Voor de boeglegger op binnenlandse reizen geldt het navolgende. De boeglegger kan eigendom zijn van de beurtschipper(s), door hem(hen) ingehuurd worden of het kan een collega beurtschipper zijn die op basis van gedeelde lasten en baten een extra reis maakt.
Oudere verklaringen zeggen: "De schipper of het schip, dat het eerst na den beurtman op een gezet uur varen moet." Dit zegt weinig over de verhouding/relatie tussen de boeglegger en het beurtschip. Over het algemeen was het echter zo dat op het traject van een beurtveer geen andere schepen dan de schepen van het beurtveer met stukgoed varen mochten.
Ten tijden van de gilden was de regeling hieromtrent nauwkeurig vastgelegd, want gildeleden mochten nooit anders dan zoals dat door het gilde was vastgesteld varen.
De boeglegger bij de overzeese veren schijnt meestal het volgende schip dat zou vertrekken geweest te zijn.
algemene benaming voor een, in of onder het voorschip geplaatste, voortstuwing, waarmee het voorschip (onder andere) in zijdelingse richting bewogen kan worden.
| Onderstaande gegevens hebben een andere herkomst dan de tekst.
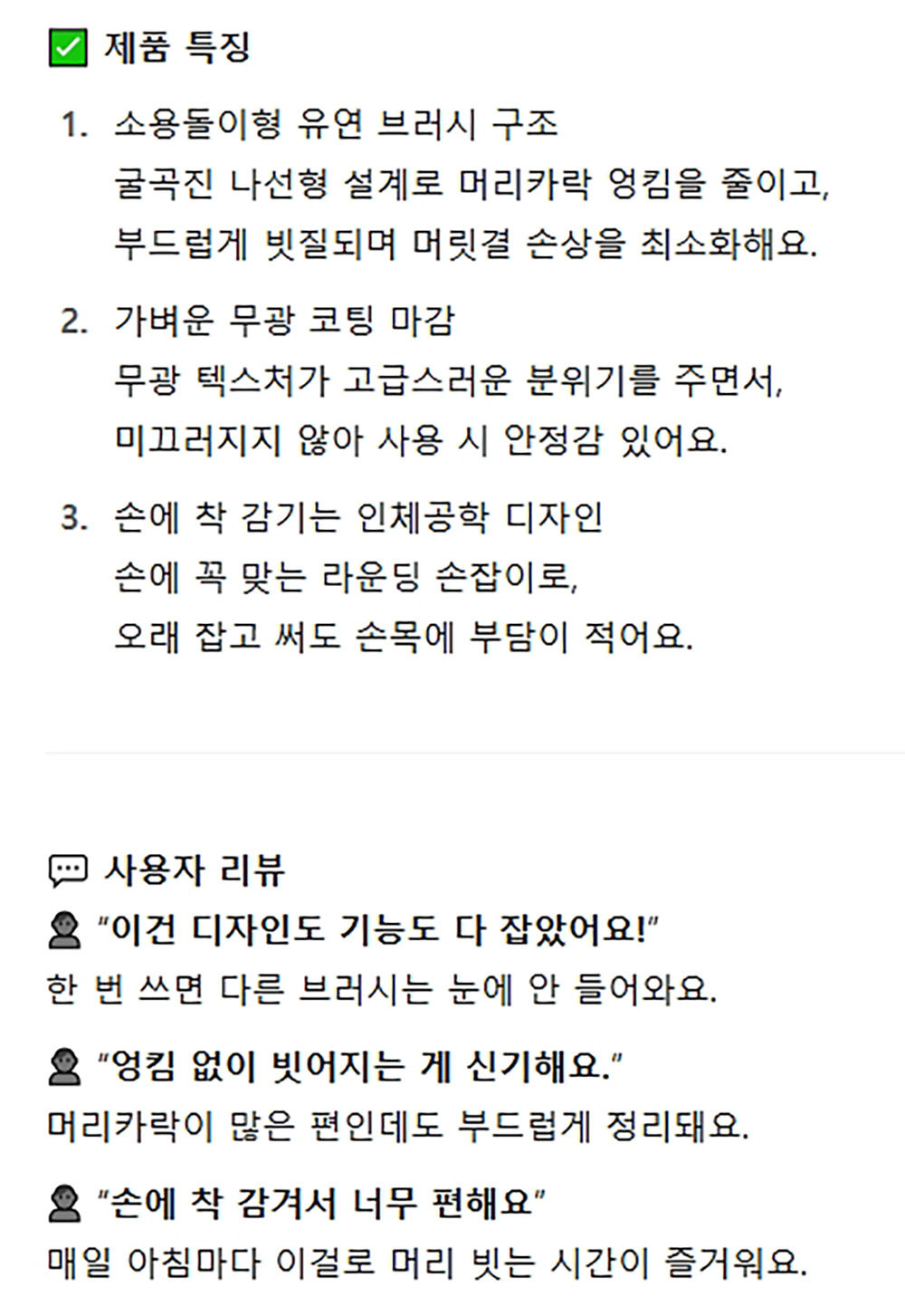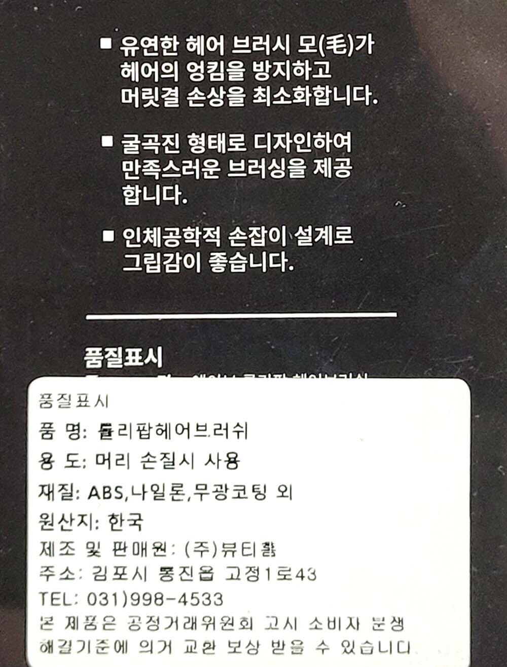 헤어 엉킴방지 굴곡진 형태 디자인 블랙 헤어브러쉬

Ook bekend als kopschroef, echter niet geheel gelijk aan boegjet. Soms gebruikt men de Engelse kreet: thruster dus 'hard duwer' :-).
~boegseerkabelsteek:
bepaalde knoop om een vast oog in het uiteinde van een touw te maken. De naam doet vermoeden dat deze knoop gebruikt werd om een sleeplijn aan de ankertros vast te maken, zodat men het schip kon gaan boegseren.
~boegseerlijn:
volgens het WNT online hetzelfde als een boegseertros. Hetgeen ik echter betwijfel. Vermoedelijk gaat het om een licht eind touw, waarmee men zaken (voorzichtig) door het water voort wenst te trekken.
~boegseersloep:
geroeide boot, van het type sloep, die gebruikt wordt om een vaartuig te boegseren (te slepen).
Ook boegseerboot genoemd.
~boegseertouw:
volgens het WNT hetzelfde als een boegseertros. Hetgeen ik echter betwijfel. Vermoedelijk gaat het om de ALGEMENE benamming voor een lijn, touw of tros, waarmee men boegseert. Het kan dus elk van die drie soorten touwwerk zijn en niet alleen de tros.
~boegseertros:
tros waaraan het schip geboegseerd wordt.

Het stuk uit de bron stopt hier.